(GIVEN DATA):

════

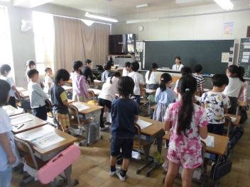 子供たちは緊張の面持ちで、校長先生の話を聞いています
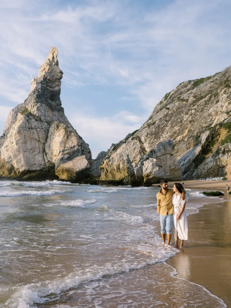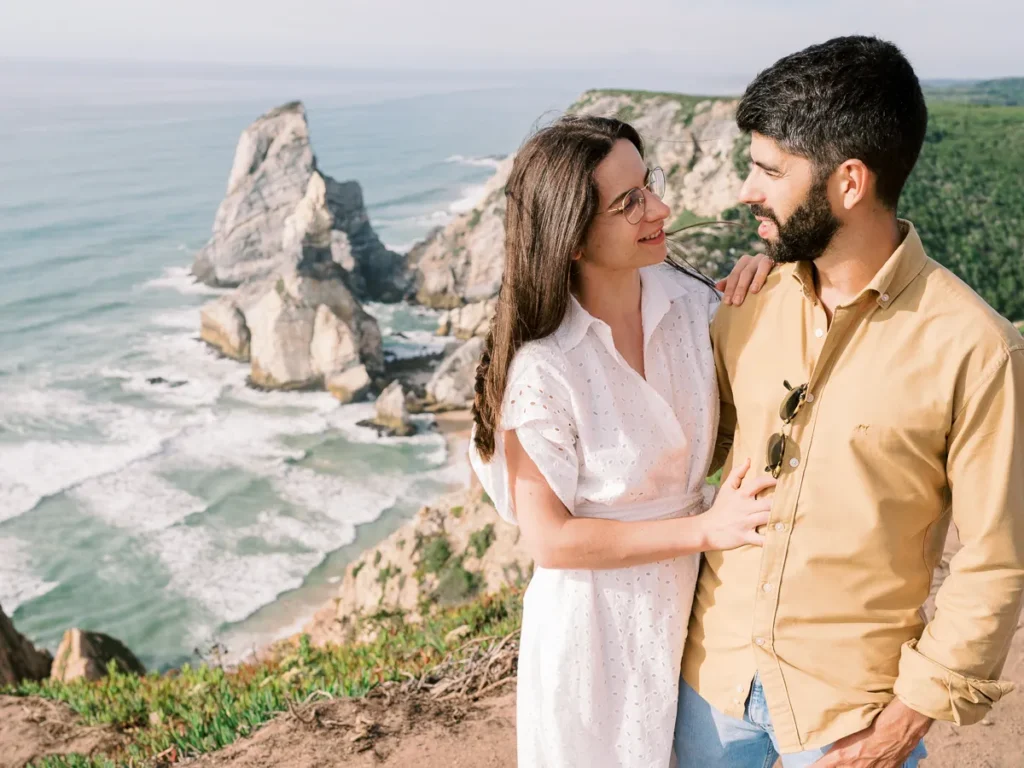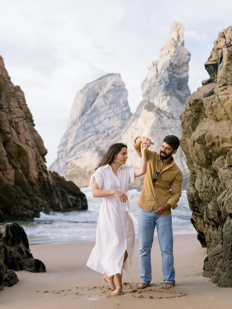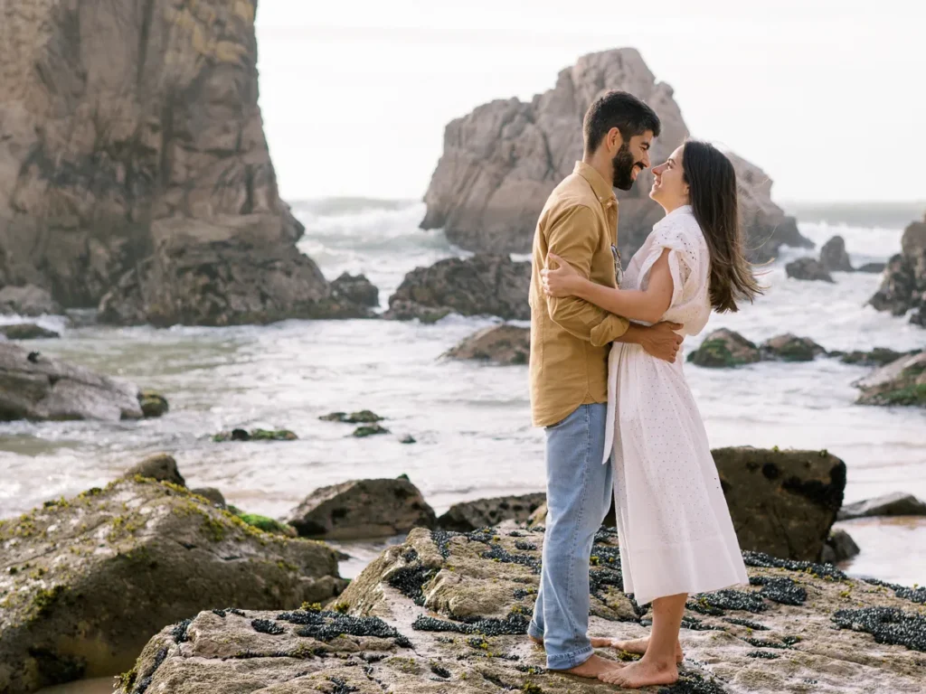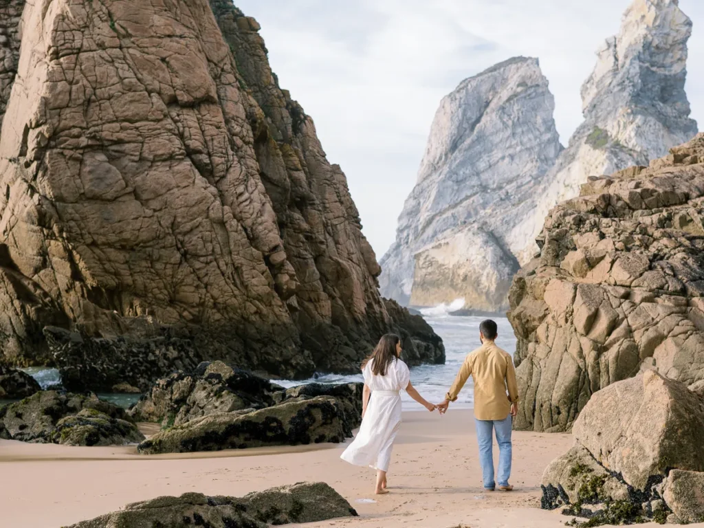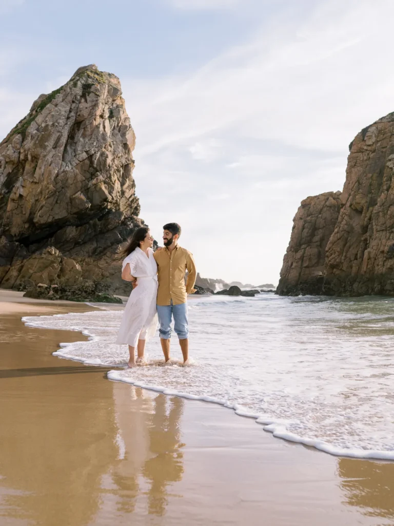 Descer até à Praia da Ursa é, por si só, uma aventura que exige espírito livre e vontade de explorar. E foi exatamente essa entrega que este casal nos ofereceu! Ao pisarmos o areal desta praia idílica, fomos brindados com um cenário de cortar a respiração: um refúgio quase deserto, protegido por falésias dramáticas e pontuado pelos icónicos rochedos no mar. Um autêntico paraíso intocado, perfeito para a nossa estética fine art e orgânica.
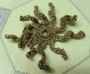 Als Abschluß ein wirres Experiment. Ring aus 4 Luftmaschen mit festen Maschen umhäkeln, in die erste Masche eine Luftmaschenkette häkeln (ca 20 LM) und diese dann mit je 1 festen Masche behäkeln, zwei Maschen der mittleren Ringes behäkeln, und wieder eine Luftmaschenkette anschlagen und behäkeln. Dabei die Länge der Luftmaschenketten variieren. Einmal rundum und fertig ist die Mini-Chrysamtheme.
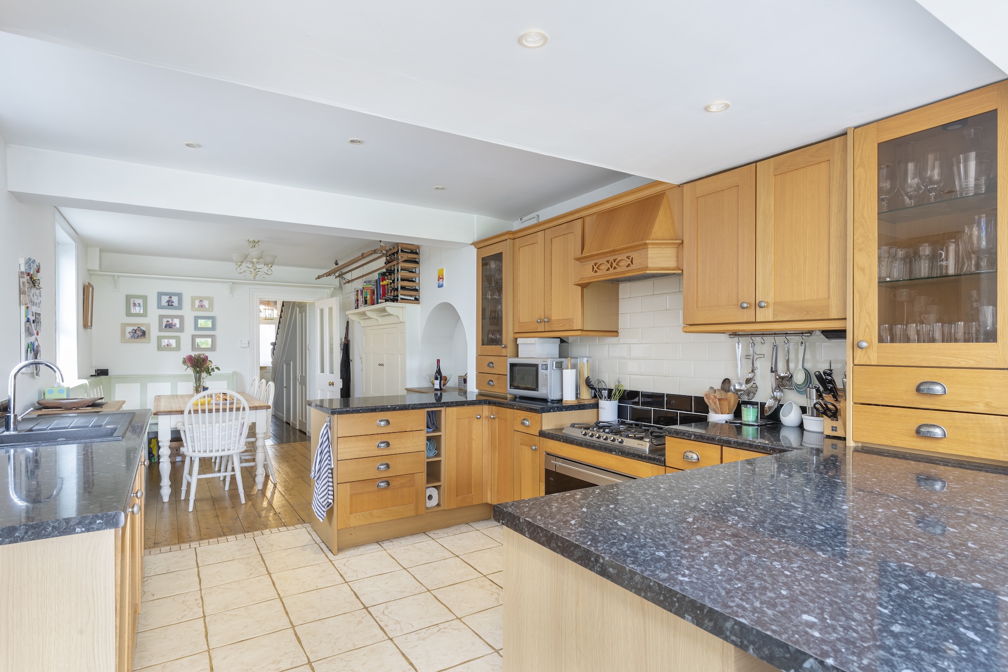 At the centre, the bespoke oak kitchen combines timeless craftsmanship with practicality. Solid wood cabinetry offers abundant storage, while the dark worktops provide generous preparation space. Integrated appliances include a hot water tap and a 5-ring gas hob to name a few, and tiled flooring give the space a durable and functional feel, perfectly suited to busy family life.

════

(EXERCISE AIM):
Return the material above exactly; the images stay out.

(RESULT OF THE TASK):
 子供たちは緊張の面持ちで、校長先生の話を聞いています
 Descer até à Praia da Ursa é, por si só, uma aventura que exige espírito livre e vontade de explorar. E foi exatamente essa entrega que este casal nos ofereceu! Ao pisarmos o areal desta praia idílica, fomos brindados com um cenário de cortar a respiração: um refúgio quase deserto, protegido por falésias dramáticas e pontuado pelos icónicos rochedos no mar. Um autêntico paraíso intocado, perfeito para a nossa estética fine art e orgânica.
 Als Abschluß ein wirres Experiment. Ring aus 4 Luftmaschen mit festen Maschen umhäkeln, in die erste Masche eine Luftmaschenkette häkeln (ca 20 LM) und diese dann mit je 1 festen Masche behäkeln, zwei Maschen der mittleren Ringes behäkeln, und wieder eine Luftmaschenkette anschlagen und behäkeln. Dabei die Länge der Luftmaschenketten variieren. Einmal rundum und fertig ist die Mini-Chrysamtheme.
 At the centre, the bespoke oak kitchen combines timeless craftsmanship with practicality. Solid wood cabinetry offers abundant storage, while the dark worktops provide generous preparation space. Integrated appliances include a hot water tap and a 5-ring gas hob to name a few, and tiled flooring give the space a durable and functional feel, perfectly suited to busy family life.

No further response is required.